I wouldn't keep ice cream in the house, if he gets so upset. I would give him ice cream out of the house if he doesn't get upset, else I wouldn't give him ice cream. Or I would tell him the next time( or soon after) he has a tantrum about ice cream there will be no more ice cream in the house. If you want ice cream in the house, I would ask him in a week or two if he can not have tantrums then you will get alitte ice cream for the house.

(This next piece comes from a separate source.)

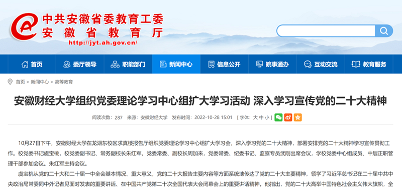 10月28日,安徽教育网以《乐竞在线注册组织党委理论学习中心组扩大学习活动 深入学习宣传党的二十大精神》为题,报道我校组织党委理论学习中心组扩大学习活动,深入学习宣传党的二十大精神,部署安排党的二十大精神学习宣传贯彻工作。
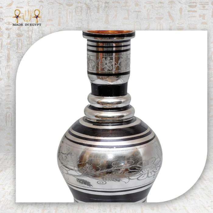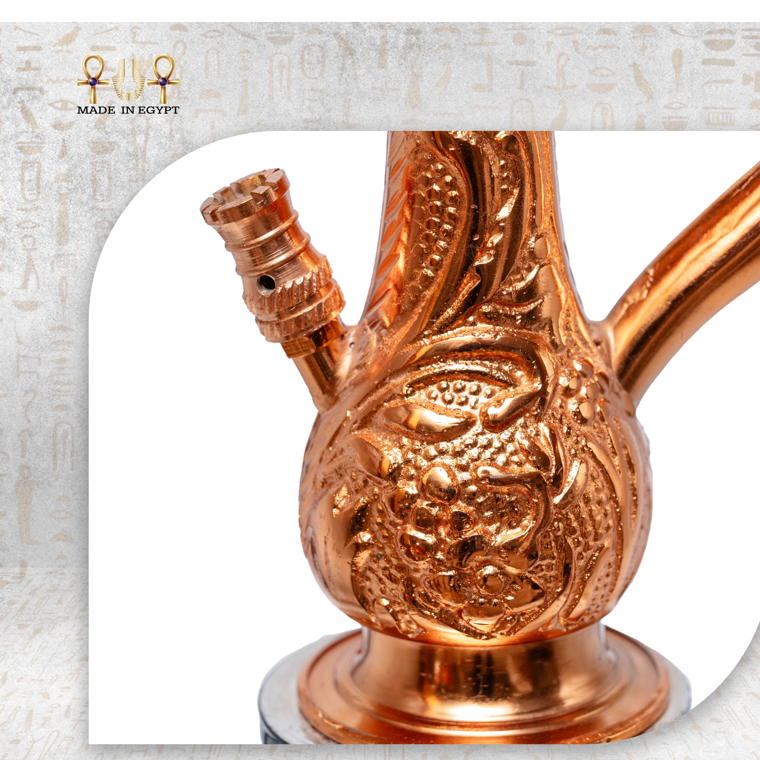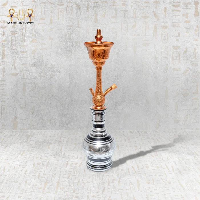 الهيكل النحاسي اللامع هو قلب الشيشة، وقد زُخرف بنقوش محفورة يدويًا بدقة عالية، ما يجعل كل قطعة فريدة من نوعها. هذه التفاصيل الدقيقة تجسد التراث المصري الأصيل وتُبرز مهارة الصناع المصريين الذين نقلوا فنهم عبر الأجيال.

Yes, my 15 month old dd will get mad when she doesn't get her way and throw her head backwards and hit whatever it is behind her, the hard floor, wall, or table. She has been doing this since she was about 7 months old. I would be holding her and she would just throw her head back and hit the wall. Ughh, it is scary. I have just gotten to where I take my little switch and pop her on the back of the thighs as soon as she starts the whining that she does right before throwing herself back on the floor and she immediately stops. I am worried that she will really hurt her head doing this. My first two children would cry, but they NEVER got on the floor and pitched a tantrum like my youngest, so it really shocks me. I am trying to teach her that her fits are not allowed and she is finally starting to come around. The funny thing is she will still cry, get upset, and then she will sit down on the floor, look behind her and then slowly lay down and then start getting upset. She has started to realize that it hurts when she throws her head back like that.
I agree with Feona! No more ice cream! No more whatever he throws himself on the floor from! I would tell him "I love you and I don't want you hurt & if you're going to hurt yourself over... then we won't have it anymore". It will work if you're stronger willed about it than he is!
Well, part of your problem is that dad gives in!! I agree NO more ice cream in the house and if it ever does get back in the house, you and dad need to BOTH decide on the rules for it and stick to them!! Giving in just once can cause you weeks for problems!!
If your baby is like mine it could be over anything mundane. I could kiss him if he is in the wrong mood and that will provoke him to throw a tantrum.